(Asperula odorata) "Odorata" it certainly is, but the fresh leaves are quite scentless, and it is only in the dried state that the familiar hay smell becomes apparent. It is the coumarin content of the plant that is the cause of this fragrance, which transfers well to liquids. Richard Mabey enthused over the result of putting a sprig in a bottle of pure apple juice, and letting it steep for a week or two (Mabey. 1972). The Swiss put it in cognac and benedictine (Painter), while it is customary in Germany to use it to make Maiwein. Sprigs are steeped in Rhine wine, and this is the traditional May Day drink (G B Foster), fine as long as it is not taken in excess, for then it can cause loss of memory (Schauenberg & Paris).

In England, garlands of woodruff were hung in parish churches in the 15th century, particularly on St Barnabas's Day, 11 June (Grigson, 1955), and Gerard wrote of the sweet-smelling bunches of it brought into the house. It was popular, too, for scenting dried linen, and for laying in beds (Mabey. 1972), while in Holland, it has often been used to stuff mattresses, on the soporific hop pillow principle (Thomson. 1976).

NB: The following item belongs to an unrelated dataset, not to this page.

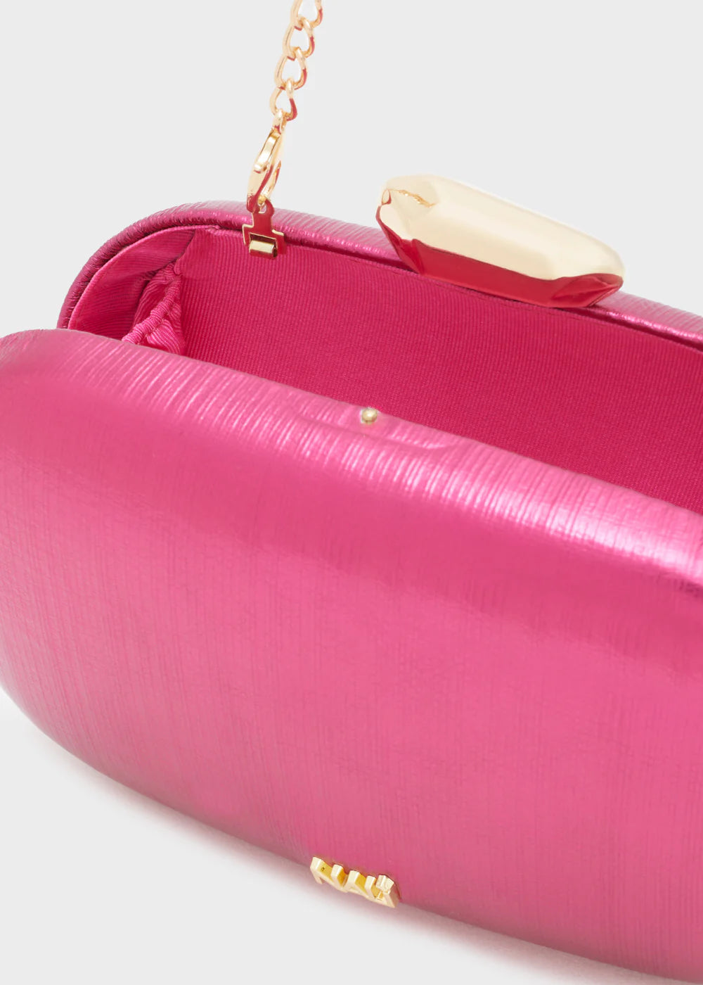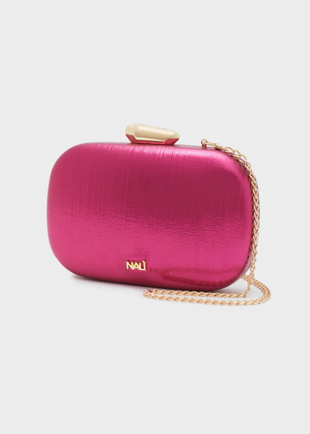 La clutch Giada di Nalì in tessuto metallizzato e con chiusura a scatto dalla forma rigida e ovale. Da indossare a mano o con la catena a tracolla. Donerà un tocco di colore, eleganza e originalità ai vostri look.

Woodruff has been quite important medicinally in its day. To start with, coumarin is an anti-coagulant, so it had been useful for drugs used in heart disease (Mabey. 1972). Put another way, it is a blood-thinner, so woodruff tea was taken as a "spring tonic" (G B Foster), in the days when that was thought to be necessary. Such a tea, taken by itself or with strawberry leaves, helps to relieve headache and depression (Painter), or in Gerard's language, "put into wine, to make a man merry". Herbalists still use it to treat liver infections and jaundice (Grigson. 1955), while in the Highlands of Scotland the liquid in which woodruff had been boiled was given to consumptives (Grant) - indeed, the Gaelic name for it means "wasting plant" (Beith). It was used for the same complaint in Brittany, where minor ailments like colds were likewise treated with woodruff tea (Grigson. 1955). In Anglo-Saxon times, woodruff and brooklime, both rich in tannin, were applied to a burn, in butter, with Madonna Lily. It was said to heal without leaving a scar (Cameron).